Um dos PLs (PL nº 281/2012) trata especialmente de comércio eletrônico, ou seja, de compras e contratações realizadas pela internet. O texto propõe regras gerais que visam a aumentar a transparência e a segurança nas transações virtuais. O outro projeto (PL nº 283/2012) fala sobre superendividamento, sugerindo mecanismos para combater o endividamento excessivo do consumidor – situação em que o acúmulo de dívidas coloca em risco o mínimo necessário ao sustento.

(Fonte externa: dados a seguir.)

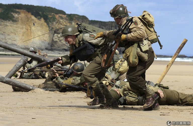 歷史迷全換上第二次世界大戰的裝扮,並重演當年諾曼地戰役中士兵們奮勇登陸的場面。6月6日這天,是諾曼地戰役滿70年的日子。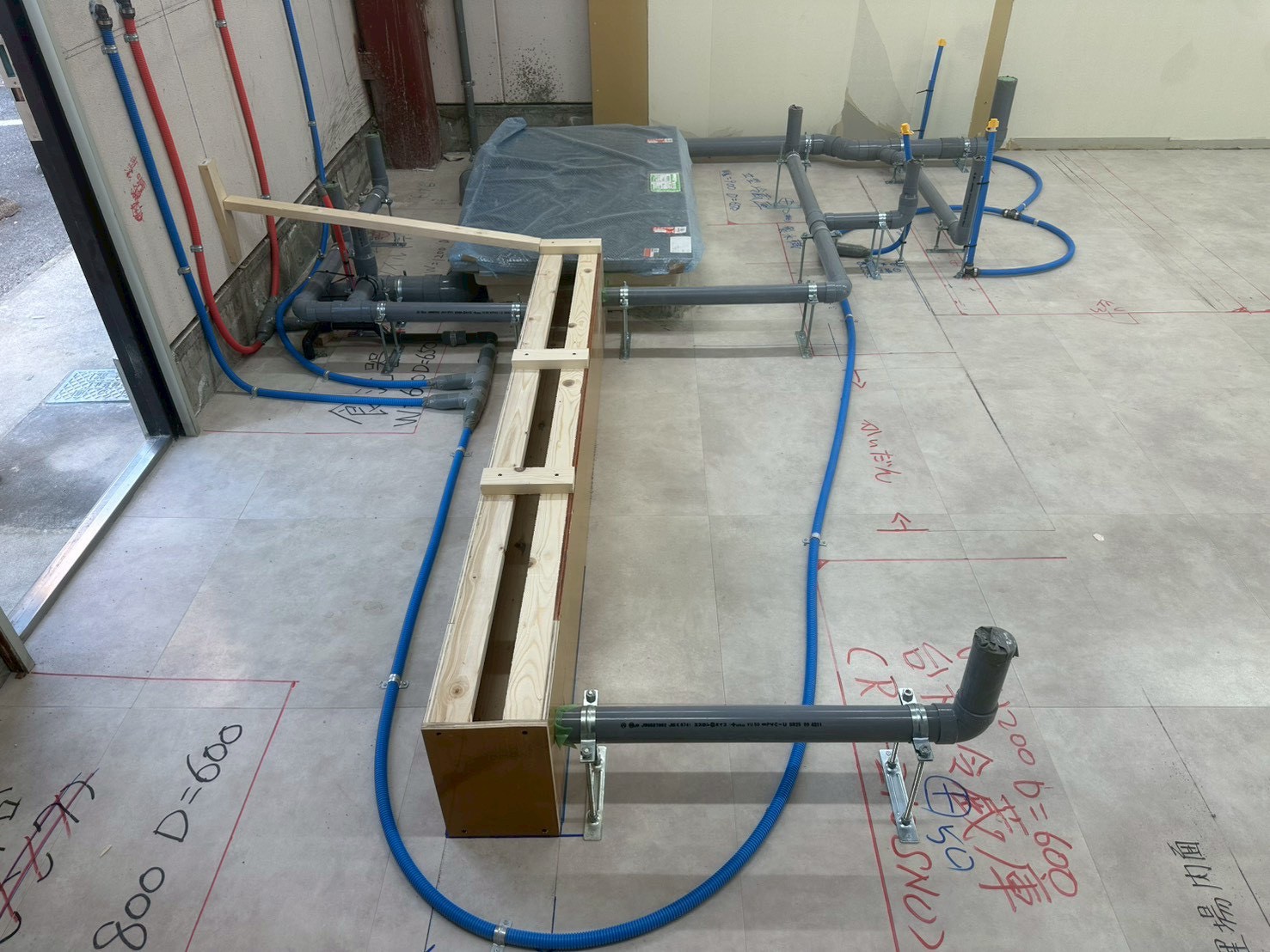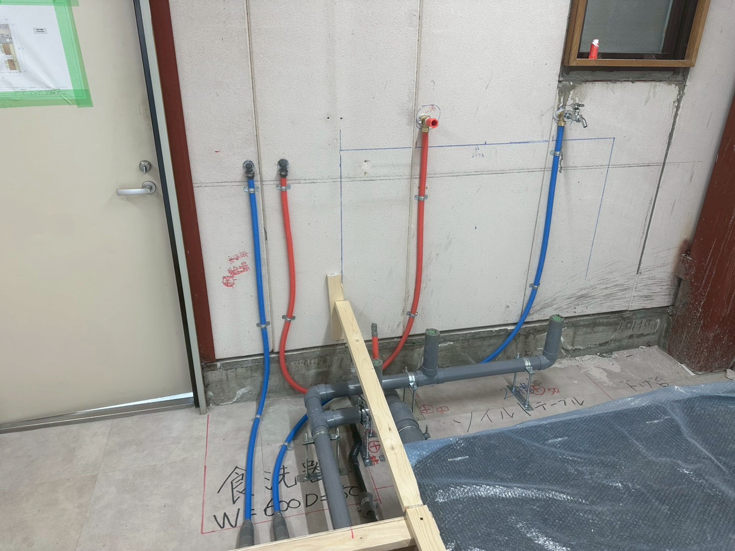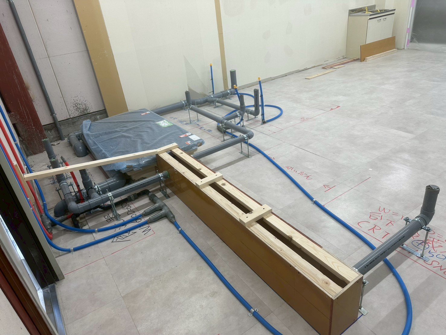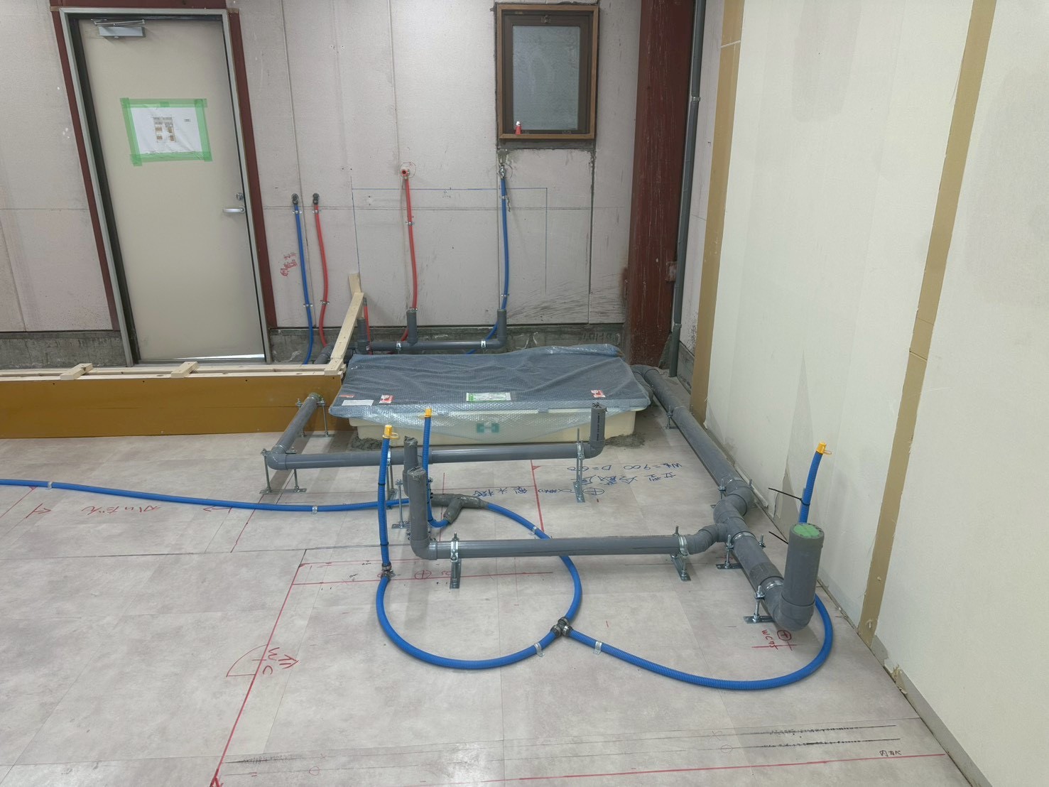 給水・給湯・排水 転がし配管・仕込み施工完了。

As propostas que passaram no Senado não são definitivas. Elas começarão a ser discutidas na Câmara dos Deputados em 2016 e um longo caminho ainda deve ser percorrido até que os PLs estejam prontos para sanção (ou veto) da Presidência da República. Ainda assim, o texto aprovado merece ser avaliado com cuidado. "A sociedade e as organizações de defesa do consumidor precisam estar atentas, até para poder acompanhar as discussões na Câmara e garantir que os avanços sejam mantidos e que não haja retrocessos", ressalta Carlos Thadeu de Oliveira, gerente técnico do Idec.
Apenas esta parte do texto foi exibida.